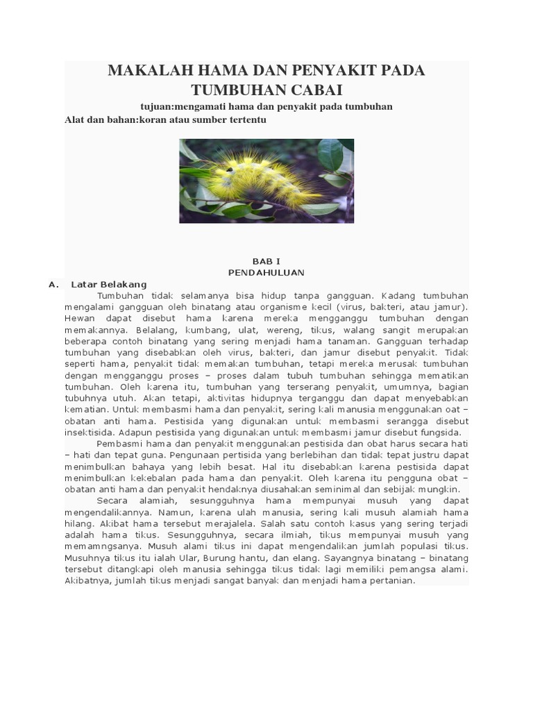 Jenis Hama dan Penyakit Pada Tanaman Cabai Berdasarkan Fase PertumbuhanDalam budidaya cabai baik itu cabai merah maupun cabai rawit. Hama memiliki kemampuan merusak tanaman yang sangat hebat. ISI DAN PEMBAHASAN Pengertian Hama dan PenyakitHama adalah semua binatang yang mengganggu dan merugikan tanaman yang dibudidayakan manusia.
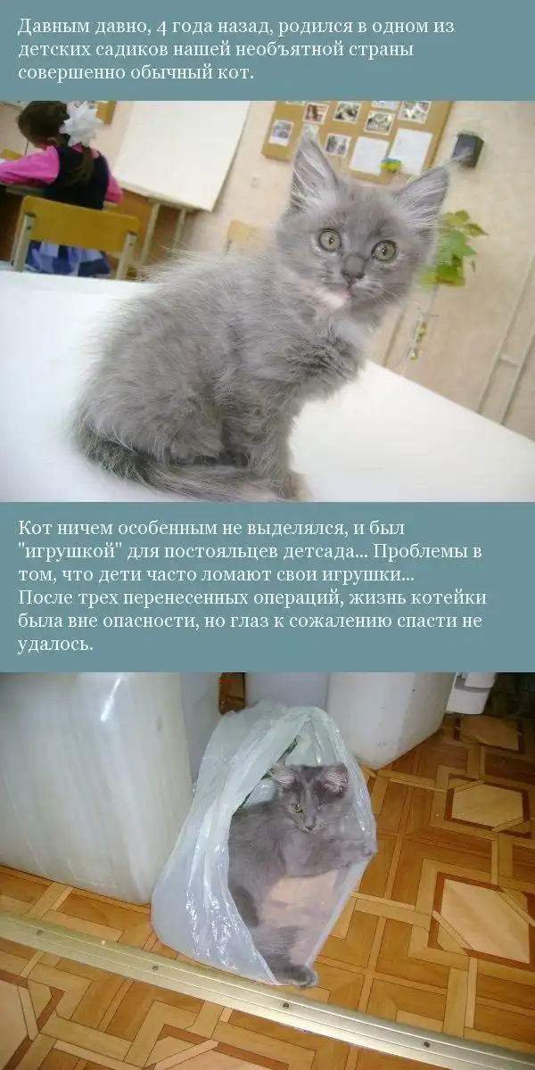 Трогательная история одного кота, который нашел себе новый дом и любящих хозяев.
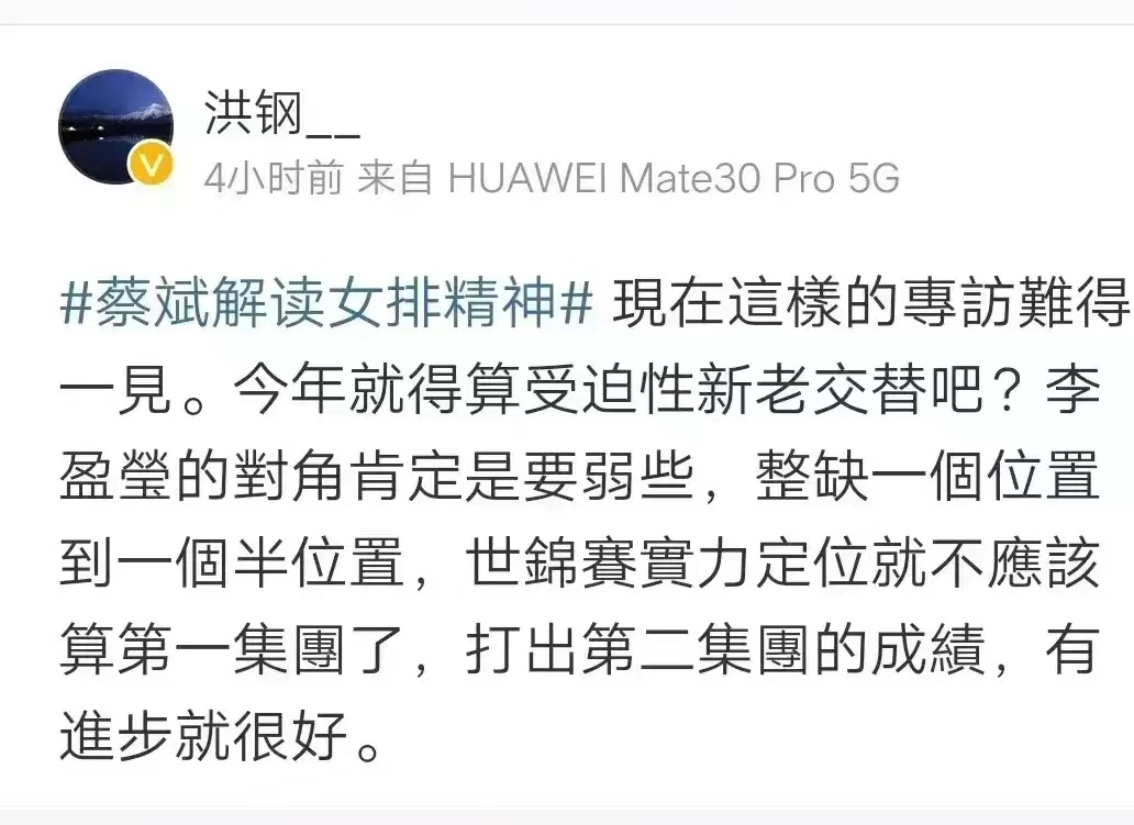 洪钢写道:“现在这样的专访难得一见。今年就得算受迫性新老交替吧?李盈莹的对角肯定是要弱些,整缺一个位置到一个半位置,世锦赛实力定位就不应该算第一集团了,打出第二集团的成绩,有进步就很好。”

▸ WORK ORDER: Write out exactly, with no pictures, each line from the one containing "Трогательная история одного" through the last line of the listing above, both included.

▸ TASK SOLUTION:
 Трогательная история одного кота, который нашел себе новый дом и любящих хозяев.
 洪钢写道:“现在这样的专访难得一见。今年就得算受迫性新老交替吧?李盈莹的对角肯定是要弱些,整缺一个位置到一个半位置,世锦赛实力定位就不应该算第一集团了,打出第二集团的成绩,有进步就很好。”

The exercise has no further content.